Modeling climate change impacts on the hydrological cycle:
While global climate models predict the potential changes that may occur at the global scale, the impacts of such global changes on the hydrological cycle at both the regional and local scales are still not well understood. New research is emerging around the world. In this Special Issue, six articles involve the investigation of climate change at the local scale and its impact on precipitation, temperature, and stream flow in Asia, Africa, Europe, and Australia. Doi and Kim [
1] examined the projected future climate and estimated uncertainty for South Korea using results from the global climate model (GCM) and compared the differences in outcome between the fifth and sixth phases of the Coupled Model Intercomparison Project (CMIP5 and CMIP6). They concluded that the models in CMIP6 performed better than those in CMIP5 in reproducing the climatic patterns during the control period. In their other article, Doi and Kim [
2] established future associations between rainfall intensity (
RI) and the duration and frequency of rainfall (called the IDF curve) by using the climate internal variability (CIV) and identifying the characteristics concerning rainfall frequency at fine scales across South Korea. This study shows that future
RI will increase significantly for most locations, especially near the end of this century, and the spatial distribution of RI across the countries is similar to those of the climatological mean (CM) and CIV. The study also provides some other interesting results related to uncertainties of rainfall patterns under different scenarios.

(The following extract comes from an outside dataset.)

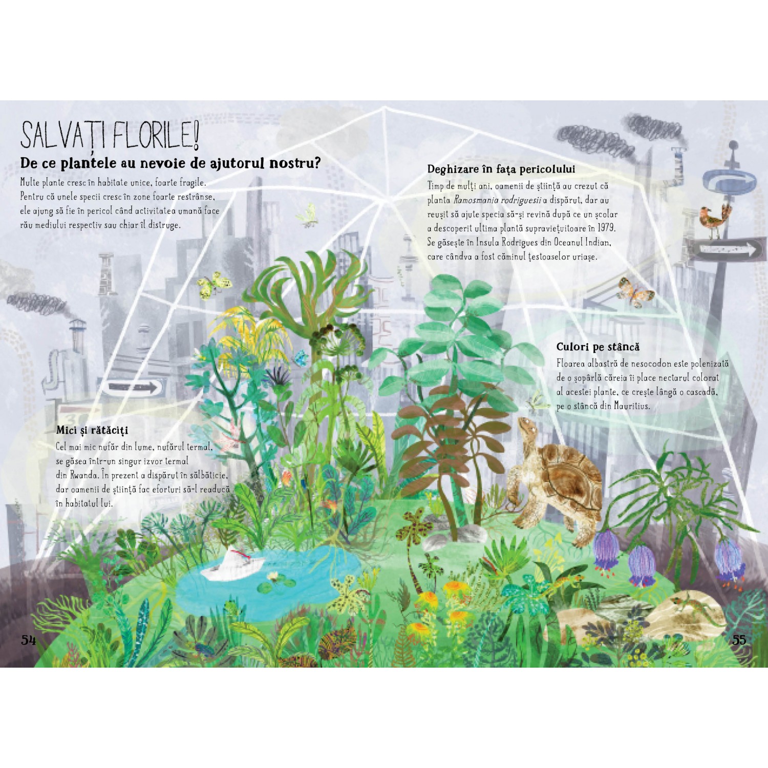 În paginile de început, cititorii vor învăța totul despre botanică, inclusiv cum să recunoască diferite tipuri de flori. Paginile următoare ilustrează diferitele habitate care găzduiesc flora, cum ar fi plantele urcior, nuferii uriași și floarea-soarelui. Cititorii vor descoperi ce flori sunt pe cale de dispariție și de ce unele flori sunt parfumate sau colorate, ca să nu mai vorbim despre detaliile fascinante ale florilor carnivore și otrăvitoare.

In a European case, López et al. [
3] analyzed the effects of climate change on the long-term rainfall pattern (1927–2016) in Igeldo–Gipuzkoa, Spain, and found no significant change in rainfall characteristics throughout the year except for maximum winter precipitation.
Three articles specifically involve the impacts of climate change on stream flow and water availability in watersheds. Chakilu, Sándor, and Zoltán [
4] evaluated the impact of changes in temperature and rainfall on high and low flow in the major watersheds of the Lake Tana Basin in the upper Blue Nile Basin under the Representative Concentration Pathway (RCP) highest emission scenario (RCP8.5). Their results suggest both increasing and decreasing change patterns concerning inter-annual rainfall variability due to changes in maximum and minimum temperature over the projection periods (i.e., the 2020s, 2050s, and 2080s). As a result, watersheds are expected to receive decreased low flow and increased high flow in the future. Wrzesiński et al. [
5] investigated changes in the low-flow regime of rivers in Poland resulting from climate change in 1987–1989. Their analysis reveals that the number of days with low flow (ND
FL) significantly increased in around two-thirds of Poland during 1989–2020, mainly located in the western and southwestern regions of the country. By contrast, during 1951–1988, the low-flow regions were located in the eastern parts of Poland. Chiew et al. [
6] compared future streamflow projections for 133 catchments in the Murray–Darling Basin, Australia, and predicted a 20% decline in streamflow across the basin during the 2046–2075 period relative to 1981–2010 using a high global warming scenario.
The impacts of climate change on hydrometeorological hazards:
Despite extensive research, new evidence on the impacts of climate change on hydrometeorological hazards such as floods, droughts, and cyclones is still emerging, and studies continue to provide insights into location-specific variability and the magnitude of hazards and their impacts on society and nature. In this collection, two cases from Ethiopia and Canada are presented. Orke and Li [
7] assessed the impacts of hydrometeorological variability due to climate change on drought characteristics in the Ethiopian Bilate watershed. Analyzing climate projections for the near future (2021–2050) and far future (2071–2100) under RCP4.5 and RCP8.5 scenarios, this study shows that the annual average rainfall is expected to decrease significantly in the far future, leading to a reduction in streamflow in the Bilate watershed. The study also indicates that the probability of drought occurrence could be doubled in the far future, with increased intensities of droughts, which would exacerbate water scarcity and threaten food security in the watershed. Jardine, Wang, and Fenech [
8] presented evidence of coastal flooding in Prince Edward Island, Canada, caused by post-tropical storm Dorian in 2019. Based on the high water marks collected just after the storm event, they found that the floods reached elevations above 3.4 m at some locations, posing threats to local infrastructure and causing damage to natural features such as sand dunes in these areas. The findings of this study could help enhance public understanding of the potential impacts on the island and can guide planners toward better preparation and adaptation for future storm events.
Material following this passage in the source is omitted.